In the listing below, find the line containing "Женщина в кремовом" and the line containing "18:00~20:00:黑骑士(开启三周目之后解锁)", then copy exactly everything from the first through the second, except the pictures.

── Data under study ──

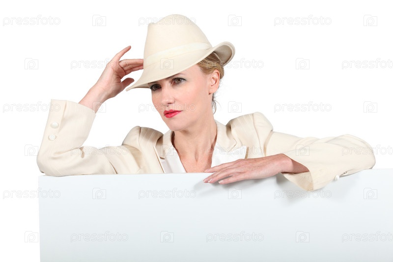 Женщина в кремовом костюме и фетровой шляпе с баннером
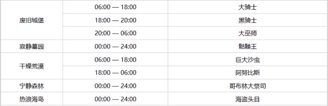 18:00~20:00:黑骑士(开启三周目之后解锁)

───
── Data under study ──

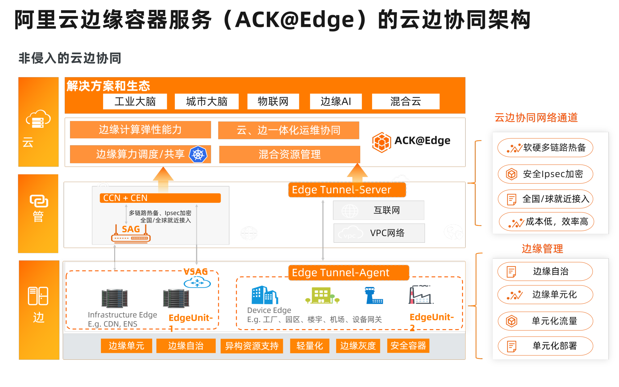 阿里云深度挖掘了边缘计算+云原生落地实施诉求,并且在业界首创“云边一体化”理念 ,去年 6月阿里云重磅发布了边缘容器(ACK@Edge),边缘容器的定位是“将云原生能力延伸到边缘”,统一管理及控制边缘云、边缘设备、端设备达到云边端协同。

───

• [Response for this exercise]
 Женщина в кремовом костюме и фетровой шляпе с баннером
 18:00~20:00:黑骑士(开启三周目之后解锁)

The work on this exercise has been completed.